- Country: Niger;
- Location: Tarka, Tahoua Department, Tahoua Region, Niger
- Coordinates: 14°54′13″N 05°12′06″E﻿ / ﻿14.90361°N 5.20167°E
- Status: Proposed
- Commission date: 2025 Expected
- Owner: Savannah Energy

Power generation
- Nameplate capacity: 250MW

= Savannah Tarka Wind Power Station =

Wind farm in Niger

The Savannah Tarka Wind Power Station (French: Parc Eolien de la Tarka), also Tarka Wind Power Station, is a planned 250 megawatts wind power energy project, in Niger. The power station is owned and under development by Savannah Parc Eolien de la Tarka (SPET), a subsidiary of independent power producer (IPP), Savannah Energy, with headquarters in the United Kingdom. The wind farm is the first large-scale, grid-ready wind power station in the country and one of the largest in sub-Saharan Africa. Under a long-term power purchase agreement (PPA), the energy generated here will be sold to Société nigérienne d’électricité (NIGELEC), for integration into the Nigerien grid and possibly for sale to the country's neighbors.

==Location==
The wind farm would be located in the community of Tarka, near the city of Tahoua, the capital of Tahoua Department and Tahoua Region, in southwestern Niger.
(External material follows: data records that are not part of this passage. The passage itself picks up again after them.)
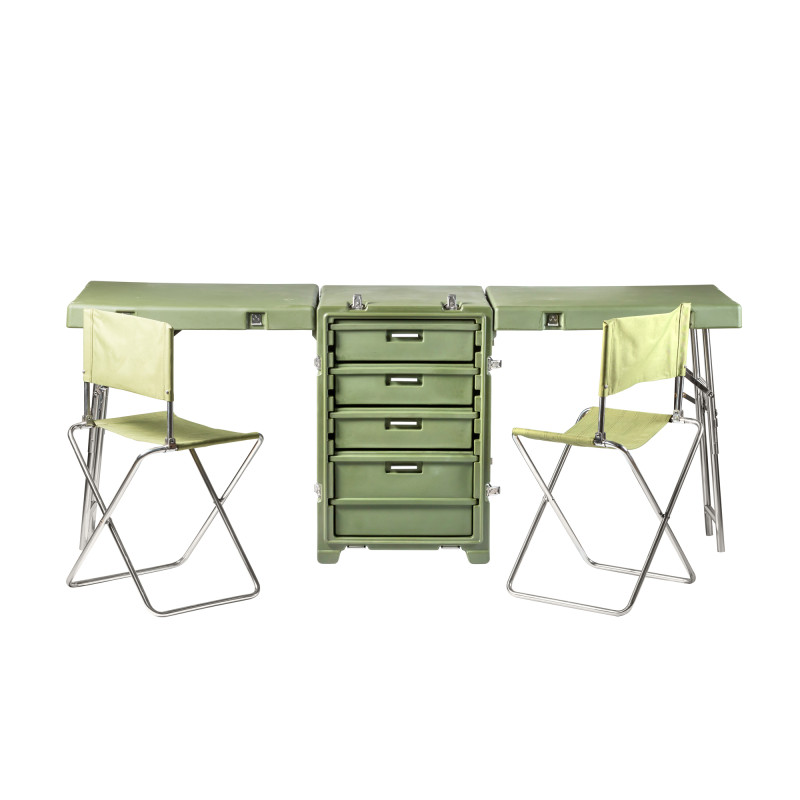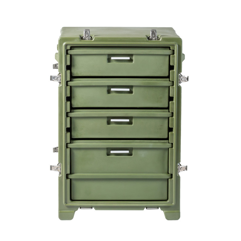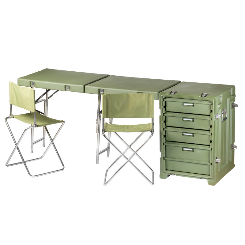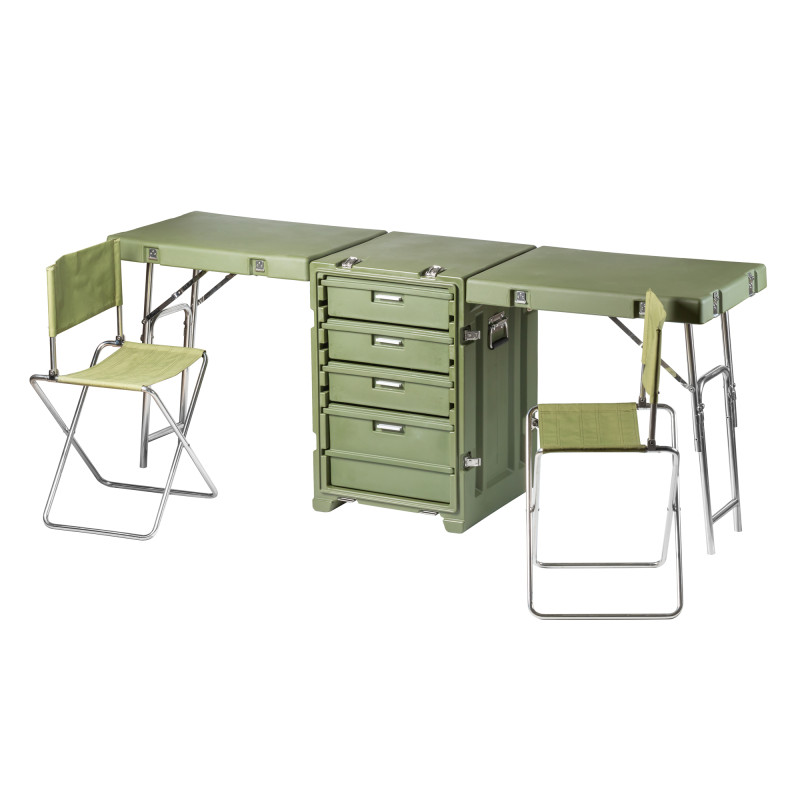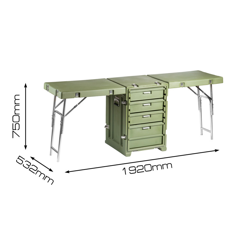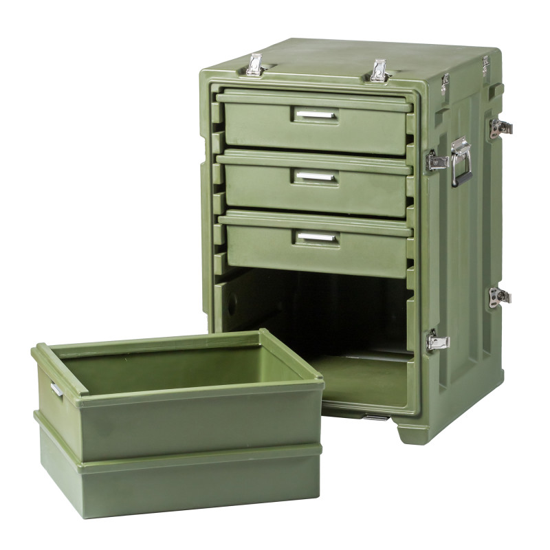 Стол выполнен из LLDPE - Линейный полиэтилен низкой плотности, материал обладает повышенный прочностью и стойкостью к температурам. На тумбе установлены надежные металлические замки с проушинами для замка или пломбы. Герметичное соединение с неопреновой прокладкой обеспечивают защиту содержимого от влаги и пыли. Кейс оснащен воздушным клапаном для выравнивания деления.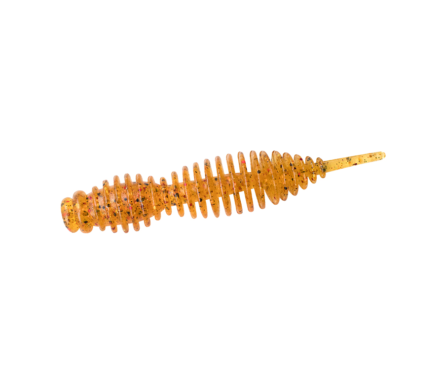 Широкие ребра при тонком теле делают Air Worm очень подвижным в воде. На разных стилях анимации приманка смотрится очень живо и аппетитно для рыбы. Даже на коротких рывках в придонной зоне слаг извивается всем телом и имеет колебания тонкого хвостика. А на равномерной проводке все тело идет змейкой и очень заметно трясет хвостом. Это можно видеть, когда мы делаем оборот катушкой и разгоняем приманку в классической проводке "два оборота-стоп". Такая тряска приманки дополнительно провоцирует рыбу на атаку.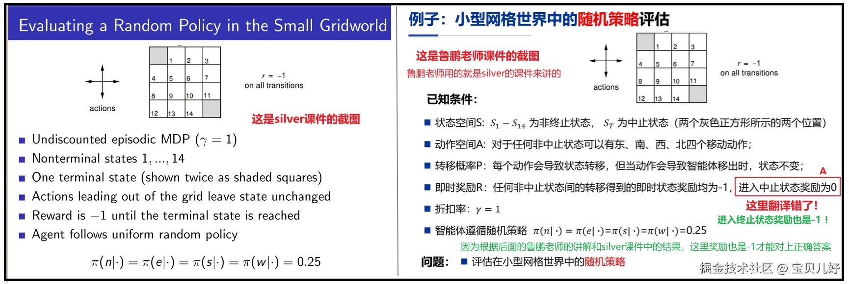 上面的4行4列格子中,左上角和右下角格子是逃生门。意思就是一个agent被放置在这个小型网格中,如果这个agent移动到这左上和右下格子中就逃生了,游戏就结束了。所以左上和右下格子就是终止状态格子。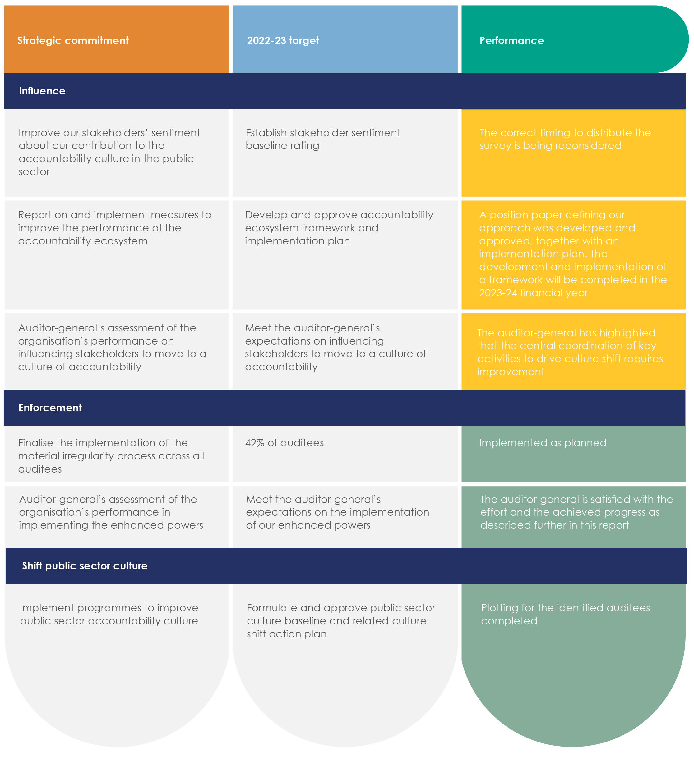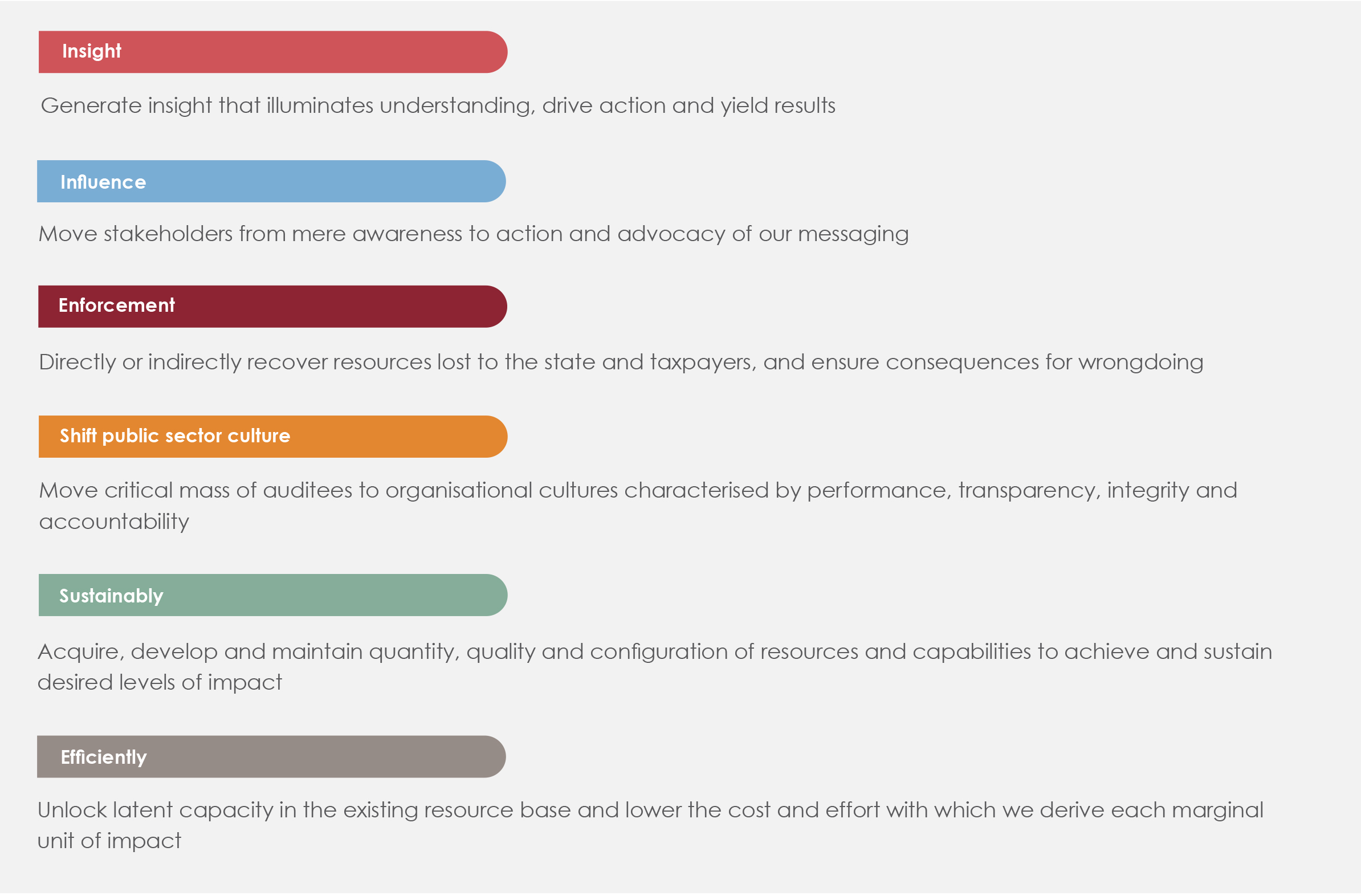 Our strategic aspiration is that over the next six years we will make a stronger, more direct and consistent impact on the lived reality of ordinary South Africans by sustainably and efficiently shifting public sector culture through insight, influence and enforcement.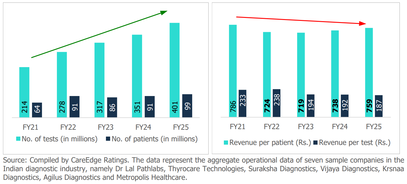 Instead, these companies are growing by carrying out an increasing number of tests on more and more patients. Even as prices fell between FY 2021 and FY 2025, the industry saw 12% CAGR in patient volumes and a 17% CAGR in the number of tests.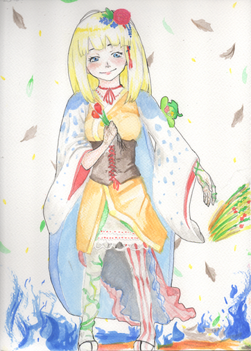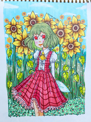 #dress #fanart #girl #green #ink #macross #ranka #summer #sunflower #traditional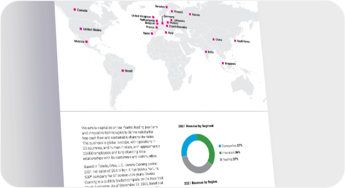 2021 Owens Corning Sustainability Report | Overview | About Owens Corning | 8 2021 Revenue by Segment 2021 Revenue by Region Composites 27% Insulation 36% Roofing 37% United States 67% Europe 16% Asia Pacific 9% Canada and Other 8% We aim to capitalize on our market-leading positions and innovative technologies to deliver substantial free cash flow and sustainable shareholder value. The business is global in scope, with operations in 33 countries, and human in scale, with approximately 20,000 employees and long-standing, local relationships with its customers and communities. Based in Toledo, Ohio, U.S., Owens Corning posted 2021 net sales of $8.5 billion. It has been a Fortune 500 ® company for 67 consecutive years. Owens Corning is a publicly traded company on the New York Stock Exchange. As of December 31, 2021, beneficial ownership includes: Blackrock, Inc. (11.5%) and The Vanguard Group (9.73%). Read more about our businesses in the Owens Corning Annual Report on Form 10-K, available at http://investor.owenscorning.com . Owens Corning has manufacturing and research and development facilities around the world. Our world headquarters are located at One Owens Corning Parkway, Toledo, Ohio, 43659, U.S. Chin a In dia Sing ap ore So uth Ko rea Czech Re public Finland France It aly Li thua nia Be lgi um Po land Ru ssia Sp ain Swe den Un ited Kingdom Brazil Ca nada Mexico Un ited States Ne therla nds Germ an y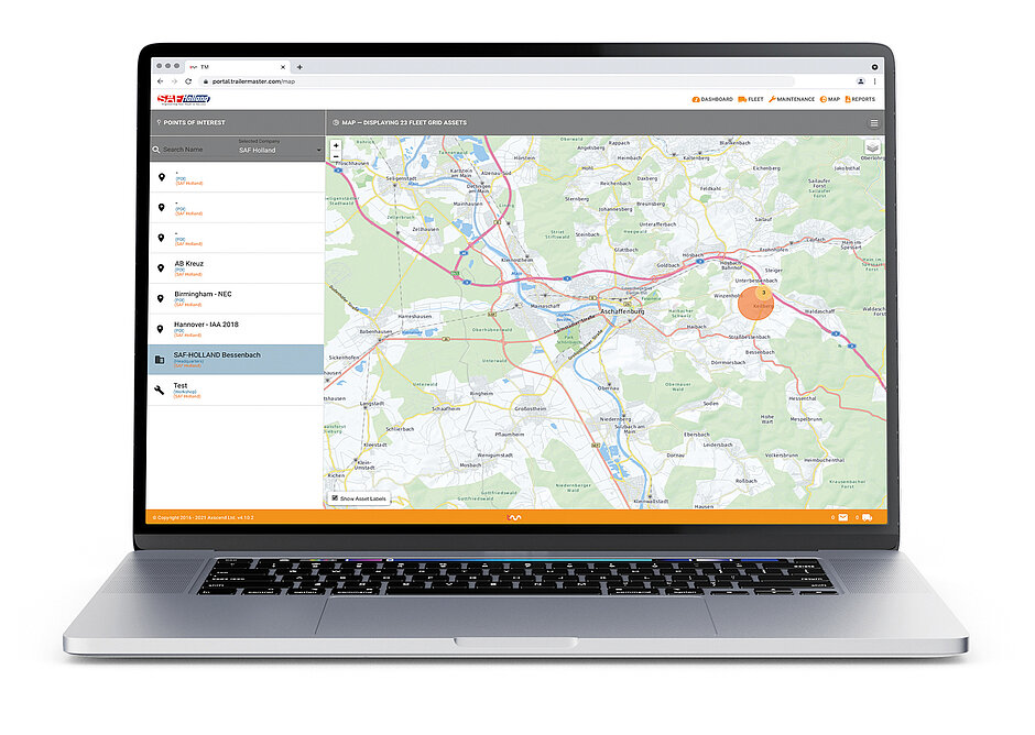 Mit dem SAF TrailerMaster der SAF-Holland Group können Transportprozesse digitalisiert werden: Das Telematik-System macht Trailer smart, vernetzt Komponenten und liefert digitale Daten in Echtzeit. Für Fuhrparkmanager bietet das zukunftsfähige Trailer-Management zusätzlichen Mehrwert, denn sie sehen den Zustand ihrer gesamten Flotte auf einen Blick, können sie verwalten und Wartungsvorgänge auswerten.

Tahoua is located approximately 563 km northeast of Niamey, the capital city of Niger.

==Overview==
The planned generation capacity of this wind farm is 250 megawatts. The design calls for 60 wind turbines. A feasibility study that is planned before 2023, is expected to inform the exact layout of the farm and may adjust the capacity and number turbines. In March 2022, Savannah Energy received authorization from the government of Niger to proceed with the feasibility study. NIGELEC, the national electricity utility parastatal company will buy the energy generated at this power station, under a long-term PPA.

==Developers==
Savannah Energy, based in the United Kingdom is the owner of the solar farm, thorough its subsidiary Savannah Parc Eolien de la Tarka (SPET).

==Funding==
Savannah Energy plans to fund this renewable energy infrastructure project from internal sources and "project-specific" loans.

==Timeline==
Feasibly and ESIA studies are expected to last until 2023. Construction is planned o begin in 2023, with commercial commissioning expected in 2025.

==Other considerations==
Savannah Tarka Wind Power Station is expected to add 600 GWh of clean electricity annually to the electric grid of Niger. This will save the country over 400,000 tonnes of carbon dioxide emissions every year. This projects is expected to create 500 jobs during the construction phase.